In Fig. 3, the decline in TB mortality from 2006 to 2016 is plotted with a solid line. The dotted line from 2016 to 2035 is the projected decline needed to achieve the targets of the End TB Strategy from 2020 to 2035. Given the steady and encouraging decline in TB-related mortality over the past decade, this figure suggests that it is possible for SA to reach the End TB Strategy targets, but a sustained and continued decline in TB-related mortality is necessary.

 

 

Discussion

TB has consistently been the leading cause of death in SA over the past two decades. From 1997 TB deaths increased, peaking in 2006 with 76 881 deaths (13% of total mortality). The number of deaths due to TB then steadily declined to 29 399 (6% of total mortality) in 2016. Reducing TB deaths to meet the End TB Strategy mortality target of a 95% reduction in TB mortality (from 2015) by 2035 is within our reach, but will require ongoing focus and effort.

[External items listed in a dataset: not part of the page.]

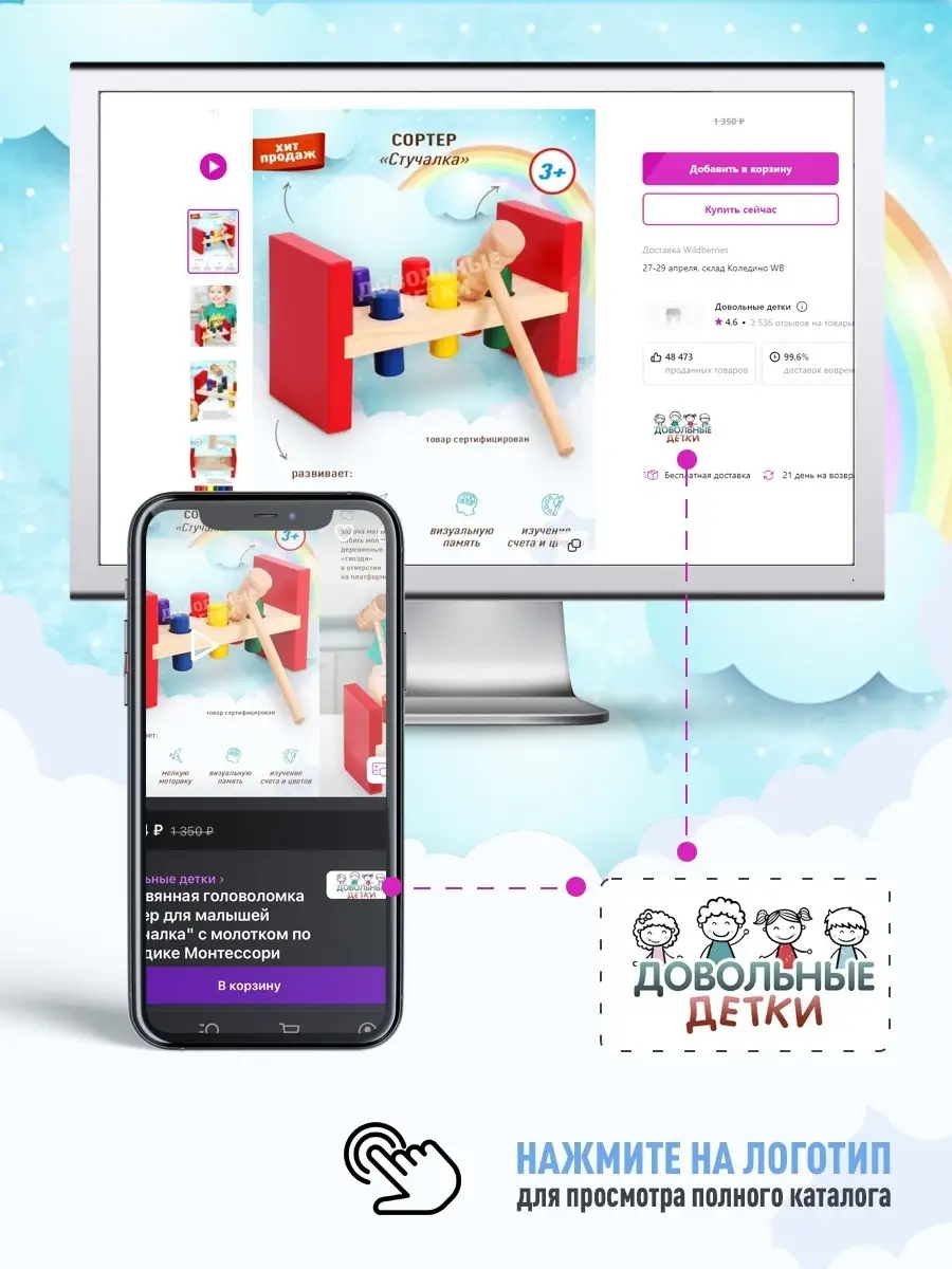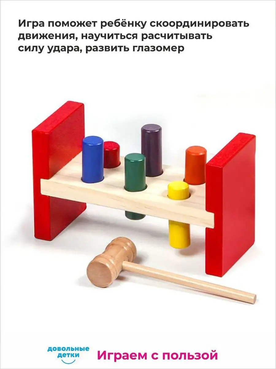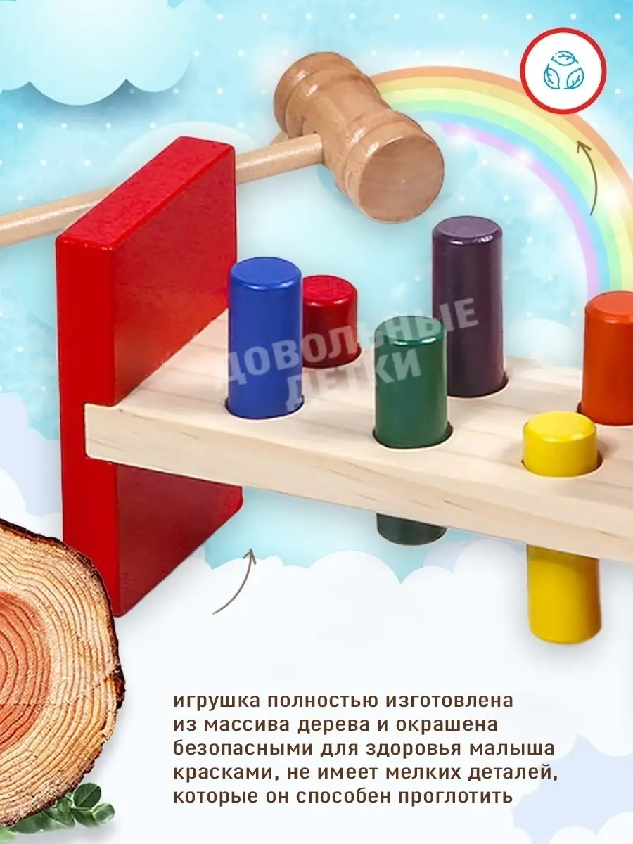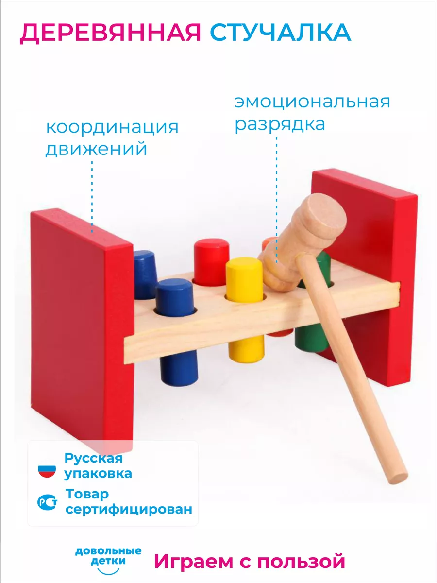 Комплектация Сортер стучалка с колышками; Деревянный сортер для малышей по системе Монтессори; Игрушка деревянная стучалка - 1шт.; сортер деревянный Стучалка с молотком - 1шт.; Развивающий сортер для малышей Стучалка
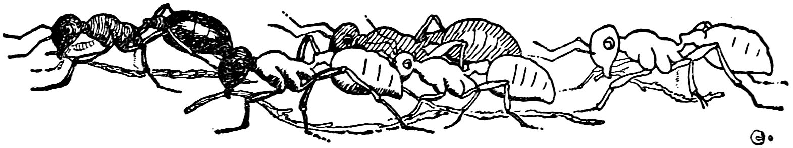 There were the ants, too, always so busy, and in such a hurry. How fast they could run when any one upset their nest; and how funny they looked carrying those queer white bundles.
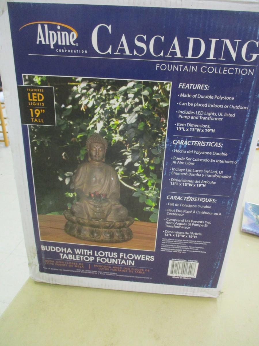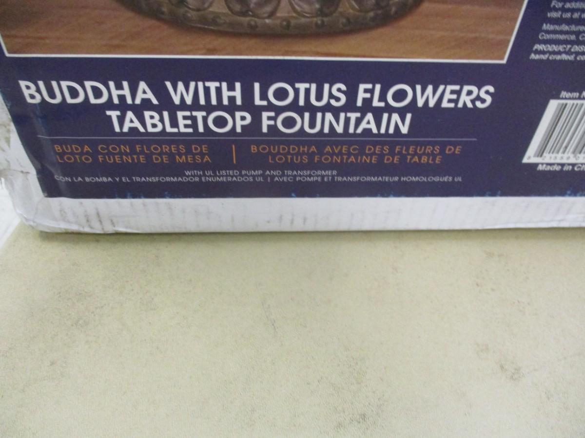 New Alpine Cascading Buddha With Lotus Flowers Tabletop Fountain LED 19" Tall

From 1997 to 2006 there was a steady rise in reported TB-related mortality that can be attributed to migration, high levels of patients co-infected with TB and HIV, and the increasing burden of drug-resistant TB (DR-TB).[6-9] However, for a number of possible reasons, TB-related mortality started to decline in 2006 (Fig. 3 and Table 1). The first of these reasons is the intensified ART roll-out for adults, which resulted in marked declines in both HIV/AIDS and TB mortality after 2006.[10,11] According to National Department of Health data, in 2004 an estimated 47 500 people were on ART, compared with >2 million in 2012.[12,13] The evolving clinical eligibility criteria for TB patients co-infected with HIV increased access to ART and probably contributed substantially to the declines in TB-related mortality in the 15 - 44-year age group. [14 Secondly, sustained effort by the TB programme has contributed to a decrease in the number of people becoming infected with TB, improved treatment outcomes, and decreased TB-related mortality.[15] In SA, 53% of people living with HIV are on isoniazid preventive therapy, 39% of the total number of people globally started on preventive therapy, including 32 104 children.!1! Thirdly, increased integration of TB and HIV services at a primary care level together with political attention, civil society mobilisation around TB and HIV, and the launch of a national HIV/ TB campaign in 2011 have helped reduce deaths from TB.[16

However, there are still some groups of people who are at increased risk of TB-related mortality. The first group is patients with DR-TB. Until recently, mortality in patients with DR-TB was much higher than in patients with drug-susceptible TB.[17,18] In 2014 and 2015, the mortality rate of patients treated for TB was 8.4%, compared with 23% for patients treated for DR-TB.[19,20] For patients with DR-TB, the hope is that the new and repurposed drugs and new regimens that have recently been introduced in SA will continue to reduce mortality as they become increasingly accessible.[21] To capitalise on these advances, healthcare workers need to ensure that treatment algorithms are followed carefully and patients are fully informed about the importance of treatment adherence to ensure treatment success and reduce mortality.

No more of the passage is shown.